WHAT TO WORK ON
Restate the records in their entirety, word for word.

*** Opening of PROVIDED RECORDS ***

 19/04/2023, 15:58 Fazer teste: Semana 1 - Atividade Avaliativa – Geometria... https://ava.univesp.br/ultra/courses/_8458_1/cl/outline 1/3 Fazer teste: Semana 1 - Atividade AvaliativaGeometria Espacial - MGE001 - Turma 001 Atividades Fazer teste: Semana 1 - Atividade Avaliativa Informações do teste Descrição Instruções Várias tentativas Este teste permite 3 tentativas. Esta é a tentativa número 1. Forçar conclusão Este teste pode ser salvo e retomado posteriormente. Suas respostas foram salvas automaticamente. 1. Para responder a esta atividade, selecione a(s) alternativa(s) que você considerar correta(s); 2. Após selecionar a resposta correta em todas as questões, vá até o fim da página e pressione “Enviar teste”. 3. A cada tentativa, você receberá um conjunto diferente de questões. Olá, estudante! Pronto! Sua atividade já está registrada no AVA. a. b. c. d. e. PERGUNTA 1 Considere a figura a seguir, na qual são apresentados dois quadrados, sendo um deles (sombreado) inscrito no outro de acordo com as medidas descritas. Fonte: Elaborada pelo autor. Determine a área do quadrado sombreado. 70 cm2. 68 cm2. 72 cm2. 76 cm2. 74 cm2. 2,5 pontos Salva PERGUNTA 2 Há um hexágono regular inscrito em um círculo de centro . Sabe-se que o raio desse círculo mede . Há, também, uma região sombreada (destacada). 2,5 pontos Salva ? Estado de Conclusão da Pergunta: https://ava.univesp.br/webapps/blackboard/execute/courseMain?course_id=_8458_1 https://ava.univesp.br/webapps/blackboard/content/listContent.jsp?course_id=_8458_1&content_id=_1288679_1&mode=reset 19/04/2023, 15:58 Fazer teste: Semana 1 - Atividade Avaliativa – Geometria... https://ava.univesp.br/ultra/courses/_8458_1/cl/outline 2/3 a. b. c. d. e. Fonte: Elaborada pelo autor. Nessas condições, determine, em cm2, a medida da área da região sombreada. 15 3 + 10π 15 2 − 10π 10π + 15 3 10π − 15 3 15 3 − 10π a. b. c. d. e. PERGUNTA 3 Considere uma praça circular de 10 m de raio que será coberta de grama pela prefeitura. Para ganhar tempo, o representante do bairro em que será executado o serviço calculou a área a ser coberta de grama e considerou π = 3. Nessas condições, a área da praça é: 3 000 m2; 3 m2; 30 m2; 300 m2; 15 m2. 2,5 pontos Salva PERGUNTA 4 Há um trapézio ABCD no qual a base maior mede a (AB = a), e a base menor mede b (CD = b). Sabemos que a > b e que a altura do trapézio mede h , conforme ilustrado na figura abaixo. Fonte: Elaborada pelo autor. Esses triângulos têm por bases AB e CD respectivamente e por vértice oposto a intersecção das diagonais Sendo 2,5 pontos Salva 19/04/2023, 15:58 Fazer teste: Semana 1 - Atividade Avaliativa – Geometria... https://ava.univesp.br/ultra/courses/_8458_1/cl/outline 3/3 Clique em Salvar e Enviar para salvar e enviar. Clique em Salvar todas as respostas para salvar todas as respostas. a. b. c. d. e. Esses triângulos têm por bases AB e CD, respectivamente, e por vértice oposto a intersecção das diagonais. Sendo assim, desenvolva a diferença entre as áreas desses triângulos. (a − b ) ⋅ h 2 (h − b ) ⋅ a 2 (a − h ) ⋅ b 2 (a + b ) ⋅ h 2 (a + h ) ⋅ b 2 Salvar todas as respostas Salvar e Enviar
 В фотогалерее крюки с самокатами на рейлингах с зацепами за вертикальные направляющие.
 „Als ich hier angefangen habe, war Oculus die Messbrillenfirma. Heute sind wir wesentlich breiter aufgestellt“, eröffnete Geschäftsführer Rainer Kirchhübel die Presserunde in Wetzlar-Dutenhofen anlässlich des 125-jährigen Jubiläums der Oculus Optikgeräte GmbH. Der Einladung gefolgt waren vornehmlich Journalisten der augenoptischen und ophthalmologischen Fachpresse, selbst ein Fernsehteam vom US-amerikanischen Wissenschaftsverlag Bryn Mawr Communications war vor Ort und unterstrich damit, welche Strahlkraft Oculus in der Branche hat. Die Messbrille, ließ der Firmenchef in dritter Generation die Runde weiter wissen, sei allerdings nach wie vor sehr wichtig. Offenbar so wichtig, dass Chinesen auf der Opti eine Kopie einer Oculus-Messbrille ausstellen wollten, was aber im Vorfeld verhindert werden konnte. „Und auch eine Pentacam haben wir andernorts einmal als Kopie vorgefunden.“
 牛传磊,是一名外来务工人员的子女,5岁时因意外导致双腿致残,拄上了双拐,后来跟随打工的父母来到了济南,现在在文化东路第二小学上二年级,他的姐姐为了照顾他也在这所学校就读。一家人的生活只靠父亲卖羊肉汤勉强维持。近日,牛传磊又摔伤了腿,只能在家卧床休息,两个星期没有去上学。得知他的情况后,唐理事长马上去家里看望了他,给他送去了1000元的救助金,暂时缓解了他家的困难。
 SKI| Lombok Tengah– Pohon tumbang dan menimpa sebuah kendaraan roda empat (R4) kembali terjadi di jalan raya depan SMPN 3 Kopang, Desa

*** Close of PROVIDED RECORDS ***

FINAL ANSWER
 19/04/2023, 15:58 Fazer teste: Semana 1 - Atividade Avaliativa – Geometria... https://ava.univesp.br/ultra/courses/_8458_1/cl/outline 1/3 Fazer teste: Semana 1 - Atividade AvaliativaGeometria Espacial - MGE001 - Turma 001 Atividades Fazer teste: Semana 1 - Atividade Avaliativa Informações do teste Descrição Instruções Várias tentativas Este teste permite 3 tentativas. Esta é a tentativa número 1. Forçar conclusão Este teste pode ser salvo e retomado posteriormente. Suas respostas foram salvas automaticamente. 1. Para responder a esta atividade, selecione a(s) alternativa(s) que você considerar correta(s); 2. Após selecionar a resposta correta em todas as questões, vá até o fim da página e pressione “Enviar teste”. 3. A cada tentativa, você receberá um conjunto diferente de questões. Olá, estudante! Pronto! Sua atividade já está registrada no AVA. a. b. c. d. e. PERGUNTA 1 Considere a figura a seguir, na qual são apresentados dois quadrados, sendo um deles (sombreado) inscrito no outro de acordo com as medidas descritas. Fonte: Elaborada pelo autor. Determine a área do quadrado sombreado. 70 cm2. 68 cm2. 72 cm2. 76 cm2. 74 cm2. 2,5 pontos Salva PERGUNTA 2 Há um hexágono regular inscrito em um círculo de centro . Sabe-se que o raio desse círculo mede . Há, também, uma região sombreada (destacada). 2,5 pontos Salva ? Estado de Conclusão da Pergunta: https://ava.univesp.br/webapps/blackboard/execute/courseMain?course_id=_8458_1 https://ava.univesp.br/webapps/blackboard/content/listContent.jsp?course_id=_8458_1&content_id=_1288679_1&mode=reset 19/04/2023, 15:58 Fazer teste: Semana 1 - Atividade Avaliativa – Geometria... https://ava.univesp.br/ultra/courses/_8458_1/cl/outline 2/3 a. b. c. d. e. Fonte: Elaborada pelo autor. Nessas condições, determine, em cm2, a medida da área da região sombreada. 15 3 + 10π 15 2 − 10π 10π + 15 3 10π − 15 3 15 3 − 10π a. b. c. d. e. PERGUNTA 3 Considere uma praça circular de 10 m de raio que será coberta de grama pela prefeitura. Para ganhar tempo, o representante do bairro em que será executado o serviço calculou a área a ser coberta de grama e considerou π = 3. Nessas condições, a área da praça é: 3 000 m2; 3 m2; 30 m2; 300 m2; 15 m2. 2,5 pontos Salva PERGUNTA 4 Há um trapézio ABCD no qual a base maior mede a (AB = a), e a base menor mede b (CD = b). Sabemos que a > b e que a altura do trapézio mede h , conforme ilustrado na figura abaixo. Fonte: Elaborada pelo autor. Esses triângulos têm por bases AB e CD respectivamente e por vértice oposto a intersecção das diagonais Sendo 2,5 pontos Salva 19/04/2023, 15:58 Fazer teste: Semana 1 - Atividade Avaliativa – Geometria... https://ava.univesp.br/ultra/courses/_8458_1/cl/outline 3/3 Clique em Salvar e Enviar para salvar e enviar. Clique em Salvar todas as respostas para salvar todas as respostas. a. b. c. d. e. Esses triângulos têm por bases AB e CD, respectivamente, e por vértice oposto a intersecção das diagonais. Sendo assim, desenvolva a diferença entre as áreas desses triângulos. (a − b ) ⋅ h 2 (h − b ) ⋅ a 2 (a − h ) ⋅ b 2 (a + b ) ⋅ h 2 (a + h ) ⋅ b 2 Salvar todas as respostas Salvar e Enviar
 В фотогалерее крюки с самокатами на рейлингах с зацепами за вертикальные направляющие.
 „Als ich hier angefangen habe, war Oculus die Messbrillenfirma. Heute sind wir wesentlich breiter aufgestellt“, eröffnete Geschäftsführer Rainer Kirchhübel die Presserunde in Wetzlar-Dutenhofen anlässlich des 125-jährigen Jubiläums der Oculus Optikgeräte GmbH. Der Einladung gefolgt waren vornehmlich Journalisten der augenoptischen und ophthalmologischen Fachpresse, selbst ein Fernsehteam vom US-amerikanischen Wissenschaftsverlag Bryn Mawr Communications war vor Ort und unterstrich damit, welche Strahlkraft Oculus in der Branche hat. Die Messbrille, ließ der Firmenchef in dritter Generation die Runde weiter wissen, sei allerdings nach wie vor sehr wichtig. Offenbar so wichtig, dass Chinesen auf der Opti eine Kopie einer Oculus-Messbrille ausstellen wollten, was aber im Vorfeld verhindert werden konnte. „Und auch eine Pentacam haben wir andernorts einmal als Kopie vorgefunden.“
 牛传磊,是一名外来务工人员的子女,5岁时因意外导致双腿致残,拄上了双拐,后来跟随打工的父母来到了济南,现在在文化东路第二小学上二年级,他的姐姐为了照顾他也在这所学校就读。一家人的生活只靠父亲卖羊肉汤勉强维持。近日,牛传磊又摔伤了腿,只能在家卧床休息,两个星期没有去上学。得知他的情况后,唐理事长马上去家里看望了他,给他送去了1000元的救助金,暂时缓解了他家的困难。
 SKI| Lombok Tengah– Pohon tumbang dan menimpa sebuah kendaraan roda empat (R4) kembali terjadi di jalan raya depan SMPN 3 Kopang, Desa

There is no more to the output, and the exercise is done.